> _Exercise aim_: Your copy should hold exactly the lines from the one containing "GSOR-RRX回傳光接收模" through the last line of the entries, and no pictures.

Stored data entries

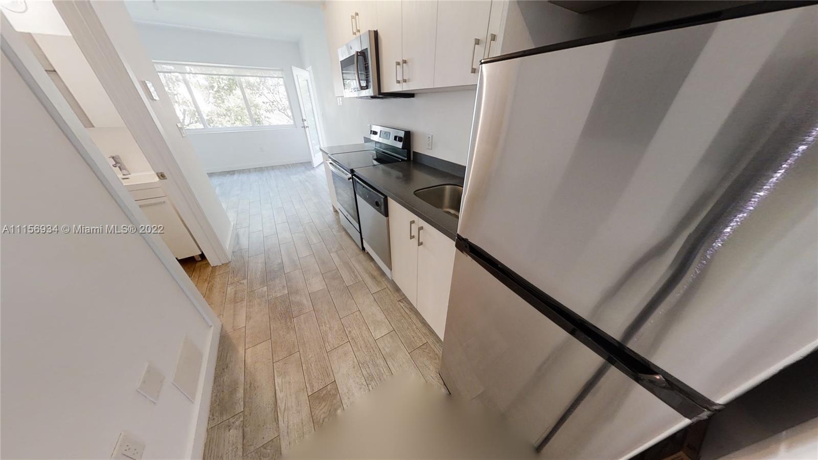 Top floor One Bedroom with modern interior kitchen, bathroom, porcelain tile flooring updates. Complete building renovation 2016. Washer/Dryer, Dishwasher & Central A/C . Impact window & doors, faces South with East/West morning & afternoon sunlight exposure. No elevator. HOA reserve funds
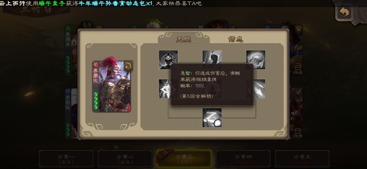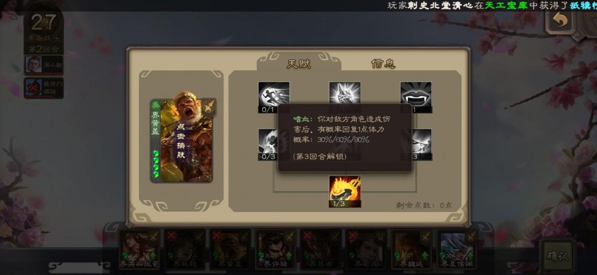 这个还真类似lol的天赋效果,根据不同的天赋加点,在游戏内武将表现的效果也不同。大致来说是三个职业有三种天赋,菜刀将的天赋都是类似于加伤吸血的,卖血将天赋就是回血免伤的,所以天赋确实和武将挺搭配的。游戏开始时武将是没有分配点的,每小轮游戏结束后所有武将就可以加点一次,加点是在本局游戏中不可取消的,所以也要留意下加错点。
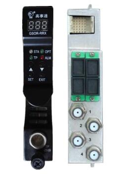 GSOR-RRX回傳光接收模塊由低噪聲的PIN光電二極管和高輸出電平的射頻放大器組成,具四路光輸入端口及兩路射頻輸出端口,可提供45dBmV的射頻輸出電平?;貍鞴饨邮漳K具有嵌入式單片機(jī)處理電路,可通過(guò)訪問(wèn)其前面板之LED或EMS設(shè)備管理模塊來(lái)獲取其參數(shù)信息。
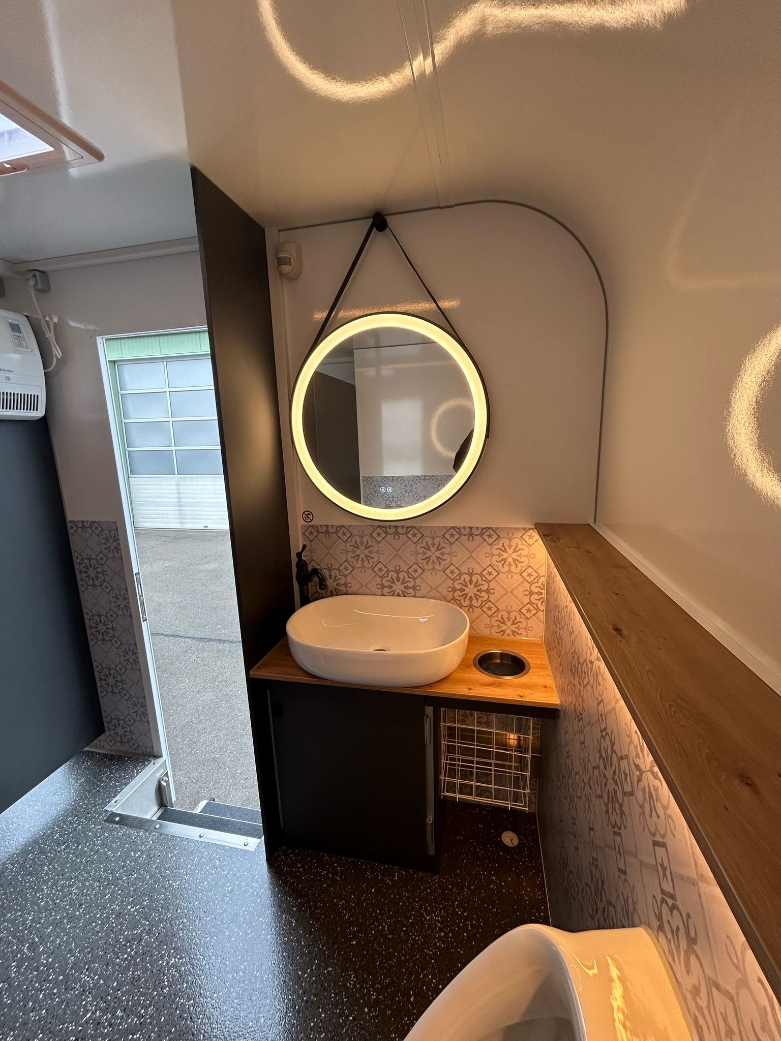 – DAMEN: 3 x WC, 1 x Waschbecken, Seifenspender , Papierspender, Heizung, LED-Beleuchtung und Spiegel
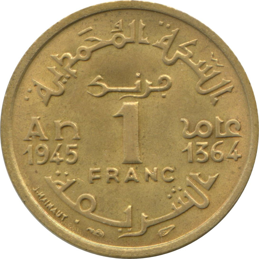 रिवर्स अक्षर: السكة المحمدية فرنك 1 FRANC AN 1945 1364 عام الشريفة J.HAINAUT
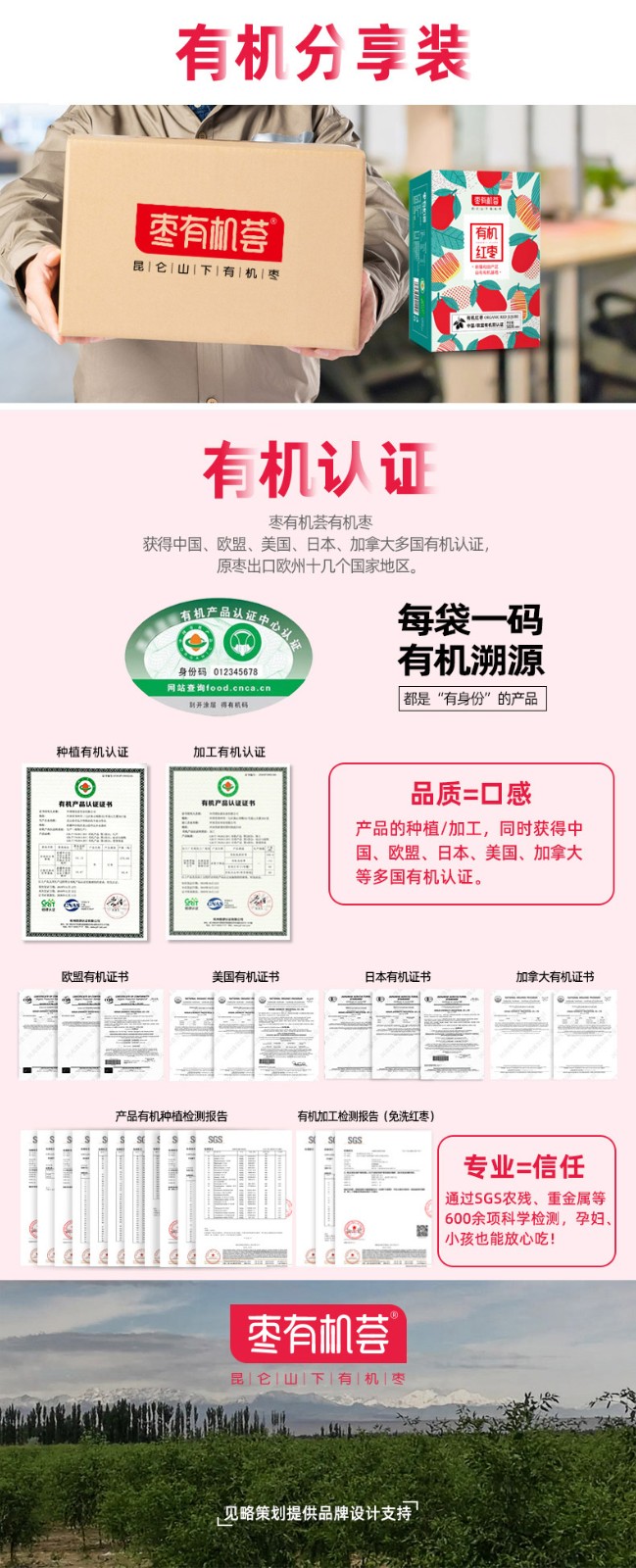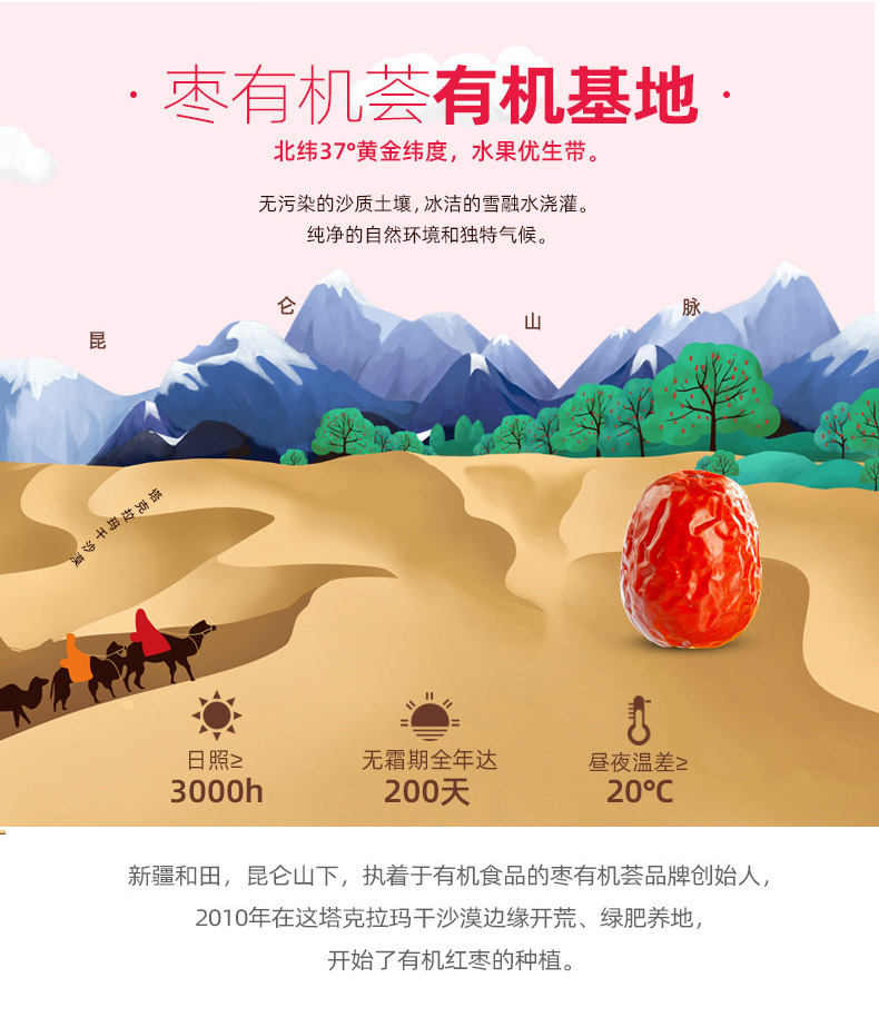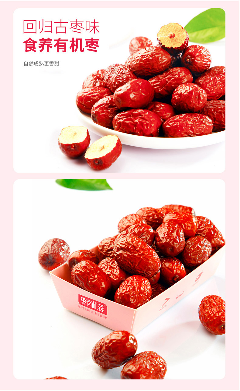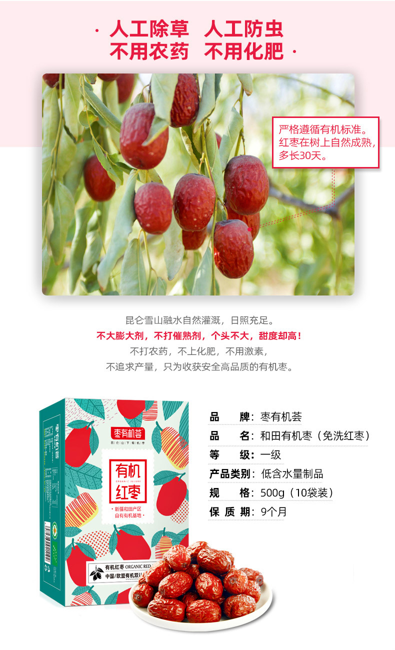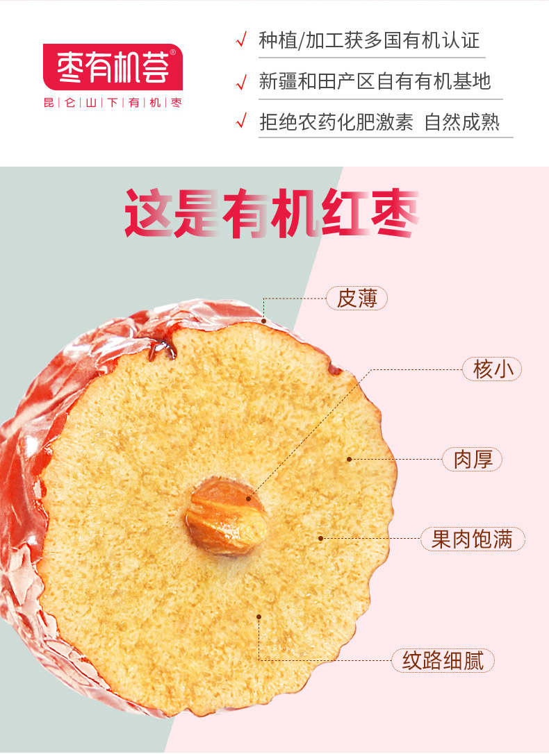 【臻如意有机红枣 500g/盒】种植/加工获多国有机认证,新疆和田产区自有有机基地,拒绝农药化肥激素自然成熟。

> _Result_:
 GSOR-RRX回傳光接收模塊由低噪聲的PIN光電二極管和高輸出電平的射頻放大器組成,具四路光輸入端口及兩路射頻輸出端口,可提供45dBmV的射頻輸出電平?;貍鞴饨邮漳K具有嵌入式單片機(jī)處理電路,可通過(guò)訪問(wèn)其前面板之LED或EMS設(shè)備管理模塊來(lái)獲取其參數(shù)信息。
 – DAMEN: 3 x WC, 1 x Waschbecken, Seifenspender , Papierspender, Heizung, LED-Beleuchtung und Spiegel
 रिवर्स अक्षर: السكة المحمدية فرنك 1 FRANC AN 1945 1364 عام الشريفة J.HAINAUT
 【臻如意有机红枣 500g/盒】种植/加工获多国有机认证,新疆和田产区自有有机基地,拒绝农药化肥激素自然成熟。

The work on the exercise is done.